This data will include pageviews for pages but don’t worry we’ve got a formula to help us pull out only the information we want.
Search Console (was Google Webmaster Tools)
Now we’re off in search of some backlinks – I like to get these from Google’s Search Console but you can also get them from platforms like Ahrefs, Majestic SEO, SEOMoz and Raven Tools.
Log in to the Search Console and select your site:
- Go to Search Traffic => Links to your Site in your left-hand navigation menu and you’ll see the following sections:
- Who links the most
- Your most linked content
- How your data is linked
- At the bottom of the “Your most linked content” section click on the blue “more” link. This will take you into an overview of all your linked pages:
From here all you do is click on the “Download this table” and it will download all of the results for your site. Once you have that exported you’re going to copy and paste all the data from this report and paste it into your “Backlinks” tab in your Content Master list.
Filtering your Analytics and Backlink Data
Now we need to pull our analytics and backlink data onto our main Content page in our workbook. As we’ve copied these two exports into their own tabs within our workbook we just need to add two (2) new columns called, “Total Pageviews” and “Total Backlinks” respectively.
In the new column (where you want your total pageviews to appear) enter the following VLOOKUP formula:
=VLOOKUP(lookup_value, table_array, col_index_num, [range_lookup])

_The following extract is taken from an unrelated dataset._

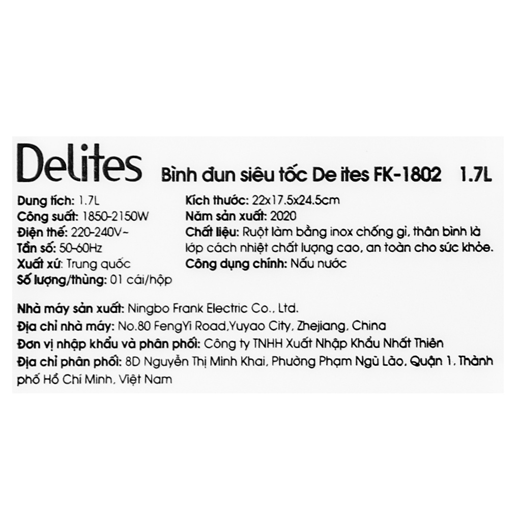 Thiết Bị Điện Gia Dụng > Đồ gia dụng nhà bếp > Ấm đun siêu tốc || [Mã ELMALL150 giảm 8% đơn 500K] Bình đun siêu tốc Delites 1.7 lít FK-1802Còn hàng

- lookup_value => This is what you want the formula to look for in this case your post URL. You only need to select the URL in the same row as the analytics cell where you’re adding this formula
- table_array => This is where you want the formula to look, make sure you select all the data on your tab otherwise the formula won’t work (either your analytics or backlinks tab depending on which one you’re working on)
- col_index_num => This is where the formula will find the information you want i.e. Total Pageviews and it’s just the column number of where that data is found (In our analytics export or table array pageviews were in column 2
- [range_lookup] => This will be either False (to make an exact match) or True (an approximate match) for this formula (both for analytics and backlinks) use “False”
How this formula works:
- First it will look at the post URL that you’ve selected
- Then search for that exact string in your table of data (either your backlinks or analytics tab)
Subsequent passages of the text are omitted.